Micro Batching
The Rerun SDK automatically handles micro-batching in a background thread in order to find a sweet spot between latency and throughput, reducing metadata overhead and thus improving both bandwidth and CPU usage.
The flushing is triggered by both time and space thresholds, whichever happens to trigger first.
This is very similar to, and has many parallels with, the compaction mechanism running on the datastore side.
You can configure these thresholds using the following environment variables:
RERUN_FLUSH_TICK_SECS
Sets the duration of the periodic tick that triggers the time threshold, in seconds.
Defaults to RERUN_FLUSH_TICK_SECS=0.2
(200ms) unless the recording stream uses a
a networking sink which defaults to RERUN_FLUSH_TICK_SECS=0.008
(8ms).
RERUN_FLUSH_NUM_BYTES
Sets the size limit that triggers the space threshold, in bytes.
Defaults to RERUN_FLUSH_NUM_BYTES=1048576
(1MiB).
RERUN_FLUSH_NUM_ROWS
Sets the number of rows that drives the space threshold.
Defaults to RERUN_FLUSH_NUM_BYTES=18446744073709551615
(u64::MAX
).
Or directly from code, in Python & Rust:
"""
Shows how to configure micro-batching directly from code.

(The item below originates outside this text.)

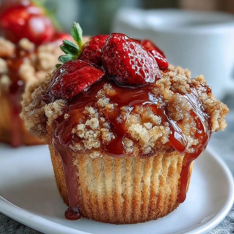 Save to Pinterest My neighbor dropped off a basket of strawberries one June morning, more than we could eat fresh, and I found myself standing in the kitchen wondering what to do with them before they turned. That's when I decided to bake, and these muffins became the answer—tender crumb studded with sweet fruit, crowned with buttery crumbles that catch the oven's heat just right. Now I make them whenever strawberries are at their peak, and somehow the kitchen fills with this golden warmth that makes everything feel intentional.
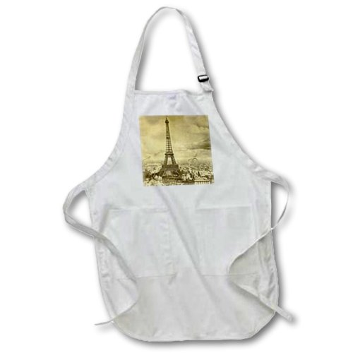 3dRose apr_6795_4 Eiffel Tower Paris France 1889 Sepia Tone-Full Length Apron, 22 by 30-Inch, Black

Check out <https://rerun.io/docs/reference/sdk/micro-batching> for more information.
"""
import rerun as rr
# Equivalent to configuring the following environment:
# * RERUN_FLUSH_NUM_BYTES=<+inf>
# * RERUN_FLUSH_NUM_ROWS=10
config = rr.ChunkBatcherConfig(
flush_num_bytes=2**63,
flush_num_rows=10,
)
rec = rr.RecordingStream("rerun_example_micro_batching", batcher_config=config)
rec.spawn()
# These 10 log calls are guaranteed be batched together, and end up in the same chunk.
for i in range(10):
rec.log("logs", rr.TextLog(f"log #{i}"))